(Circulation. 2001;103:e91.)
© 2001 American Heart Association, Inc.
Correspondence |
Initiative for Cardiovascular Health in the Developing Countries, New Delhi, India, ajmanhapra@hotmail.com
Escorts Heart Institute and Research Center, New Delhi, India
To the Editor:
In their recent review, Hamm and Braunwald1 stated that inflammation is an integral component in the pathogenesis of unstable angina. However, a detailed explanation is missing. The current literature is also unclear about the role of different components of inflammation in the pathogenesis of acute coronary syndromes (ACS).2 Being able to explain only half of the ACS, the localized acute vessel wall inflammation leading to plaque rupture fails to generate a tenable uniform model for the pathogenesis of ACS. Systemic inflammatory responses involving the activation of circulating lymphocytes, monocytes, and neutrophils (different from plaque inflammation), the cytokine responses, and the elevation of markers of systemic inflammation such as C-reactive protein have recently emerged as important components of ACS.3 Thus, there are 2 separate (and possibly interconnected) acute inflammatory components associated with ACS, systemic inflammation and vessel wall inflammation.
The available literature suggests that the acute systemic cellular responses and the elevation of the markers of systemic inflammation in ACS are primary responses rather than byproducts of plaque rupture, thrombosis, or myocardial necrosis.3 In addition, the involvement of coronary vasculature in ACS is diffuse rather than localized to the plaques.3 Hence, we propose that the systemic inflammation triggered by unknown factors is the primary event and the central component in the pathogenesis of ACS. The systemic inflammation then migrates to the vessel wall and triggers and/or enhances localized inflammatory processes at the diseased substrate coronary segments. At an unstable plaque, this results in rupture.
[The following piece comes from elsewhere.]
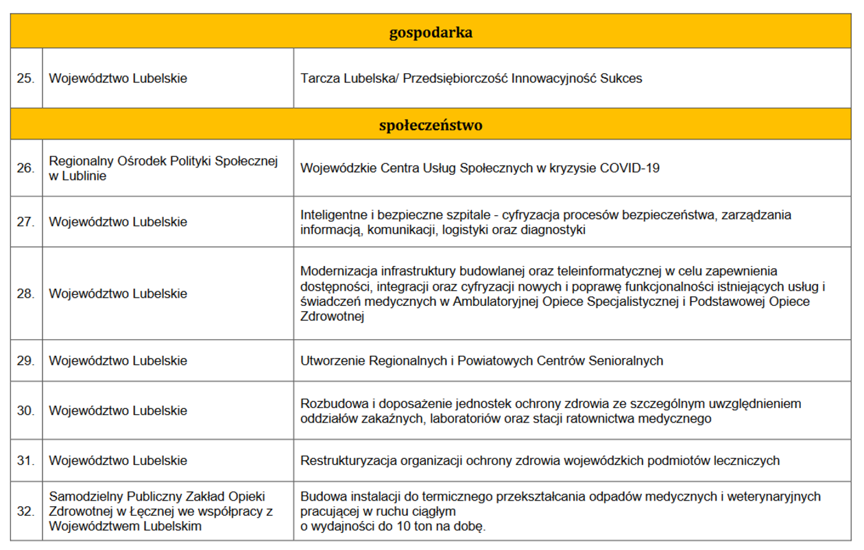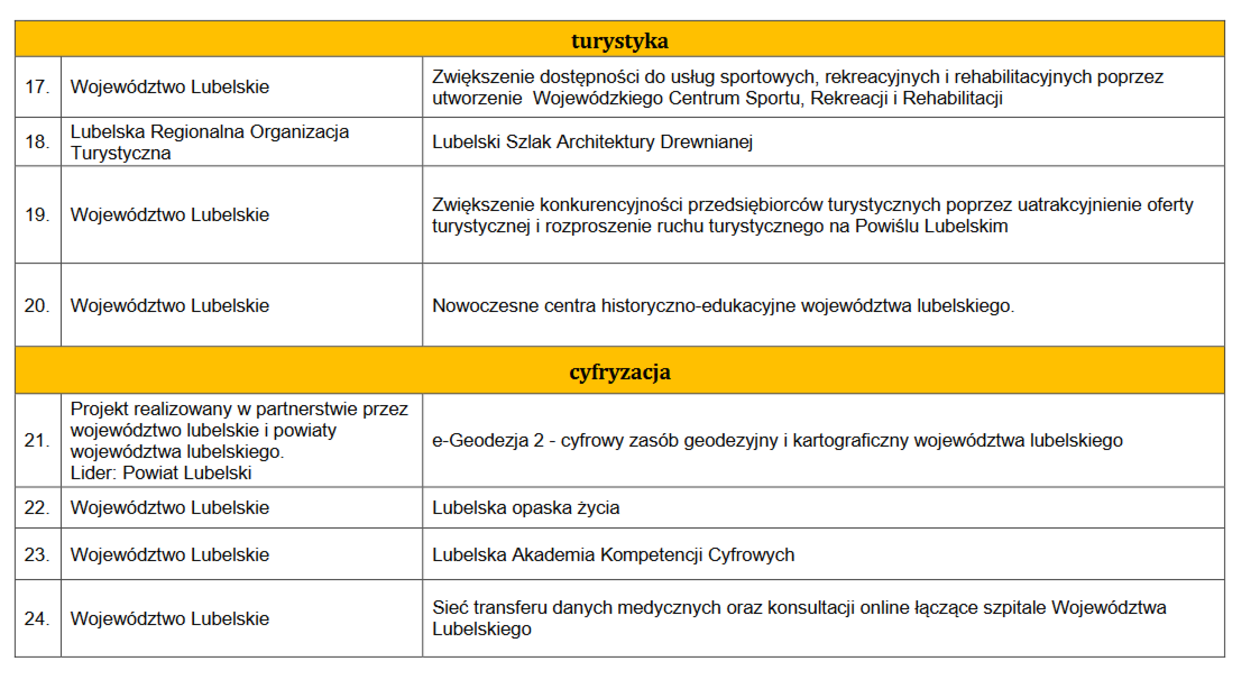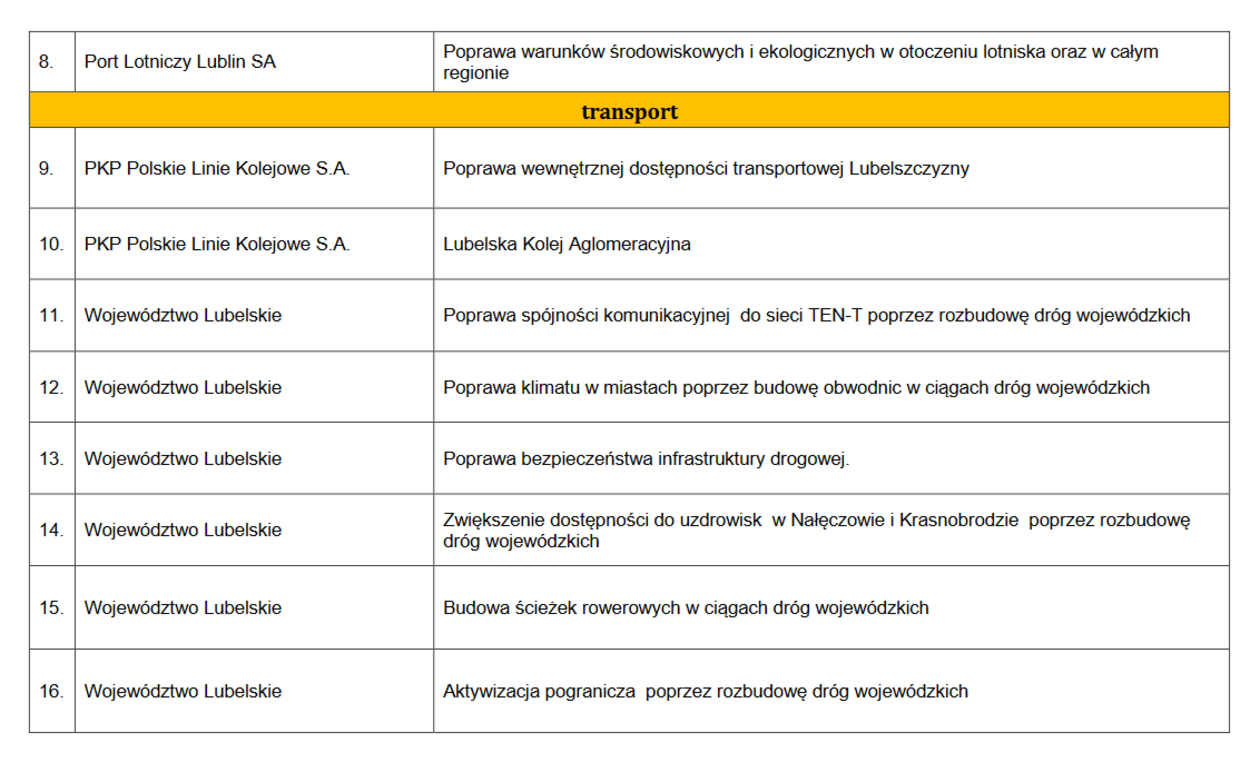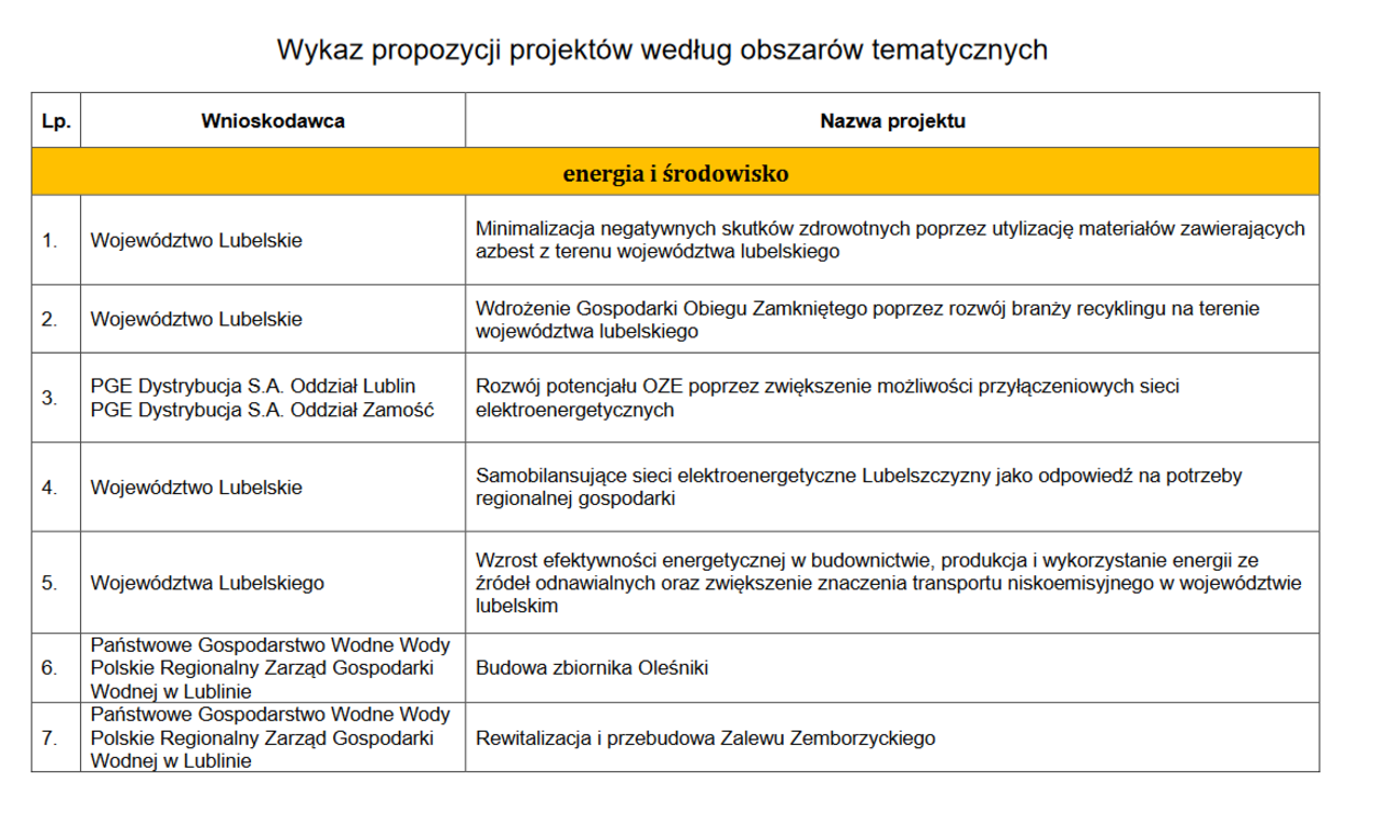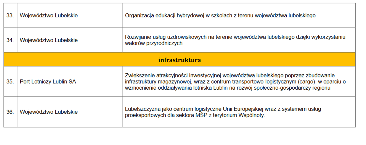Propozycje województwa lubelskiego

Similar to the concept Russel Ross evoked in atherosclerosis,4 in the normal-appearing coronary segments, the underlying endothelial dysfunction/injury may be acting as the diseased substrate for the systemic inflammation. The augmented intimal inflammatory processes over dysfunctional or injured endothelium and ruptured plaques result in activation of procoagulant cells. This triggers thrombotic and vaso-occlusive mechanisms. Systemic inflammation has also been closely correlated with the procoagulant milieu associated with ACS.3
A disruption of the endothelium during angioplasty augments the existing systemic inflammation (C-reactive protein levels) in patients with unstable angina.3 Thus, a recurrent reciprocal activation of intimal and systemic inflammation could be initiated (hence, the stuttering progression of ACS). The effectiveness of regulatory mechanisms in containing this reciprocating cycle of immune responses determines the further progression and clinical outcome.